KENILWORTH, N.J.-(BUSINESS WIRE)- Merck, branded as MSD outside the United States and Canada, today announced that for the following additional uses in Japan, KEYTRUDA, Merck’s anti-PD-1 medication, received new approvals from the Japan Pharmaceutical and Medical Devices Agency for advanced renal cell carcinoma and head and neck cancer: KEYTRUDA in combination with Inlyta for first-line treatment. And distant metastatic cancer of the head and neck; and KEYTRUDA monotherapy for the first-line treatment of patients with chronic and central metastatic head and neck cancer.
“Today’s approval of three new first-line KEYTRUDA regimens is a significant milestone for patients diagnosed with these advanced forms of cancer and will provide substantial solutions to conventional treatments for patients in Japan.” KEYTRUDA approval in conjunction with axitinib for profoundly unresectable or metastatic RCC is focused on KEYNOTE-426 test results;
Where KEYTRUDA showed statistically significant increases in the dual primary endpoints of overall survival and progression-free survival associated with sunitinib monotherapy in combination with axitinib.

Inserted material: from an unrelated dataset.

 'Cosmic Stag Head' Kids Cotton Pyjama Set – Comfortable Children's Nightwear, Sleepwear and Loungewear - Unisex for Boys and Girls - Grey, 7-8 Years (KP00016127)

The KEYTRUDA first-line treatment clearance for patients with chronic or remote metastatic head and neck cancer is based on the results of Phase 3 KEYNOTE-048 trial assessing KEYTRUDA in conjunction with platinum and5-fluorouracil or KEYTRUDA monotherapy in contrast with standard treatment as first-line treatment in patients with recurrent or metastatic head and neck squamous
“Recent KEYTRUDA approvals for advanced renal cell carcinoma and head and neck cancer draw on existing approvals for melanoma, advanced non-small cell lung cancer, and advanced MSI-H cancers, allowing us to introduce KEYTRUDA to even more patients in Japan.” Renal cell carcinoma is by far the most common type of kidney cancer, with around 403,000 cases of kidney cancer being diagnosed annually in Japan.

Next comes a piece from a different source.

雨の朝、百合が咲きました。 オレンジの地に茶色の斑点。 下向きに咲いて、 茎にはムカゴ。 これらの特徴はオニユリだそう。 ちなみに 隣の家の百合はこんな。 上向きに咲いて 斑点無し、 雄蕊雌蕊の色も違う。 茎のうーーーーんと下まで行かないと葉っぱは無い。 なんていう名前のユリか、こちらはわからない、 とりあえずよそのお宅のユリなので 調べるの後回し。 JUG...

KEYTRUDA ® Injection KEYTRUDA is an anti-PD-1 treatment that acts by stimulating the immune system of the body to help detect and kill tumor cells. Currently there are more than 1,000 reports of KEYTRUDA across a wide range of tumors and clinical environments.
The KEYTRUDA clinical trial strives to clarify KEYTRUDA’s function through cancers and the variables that can determine the probability of a patient benefiting from KEYTRUDA therapy, including investigating many specific biomarkers.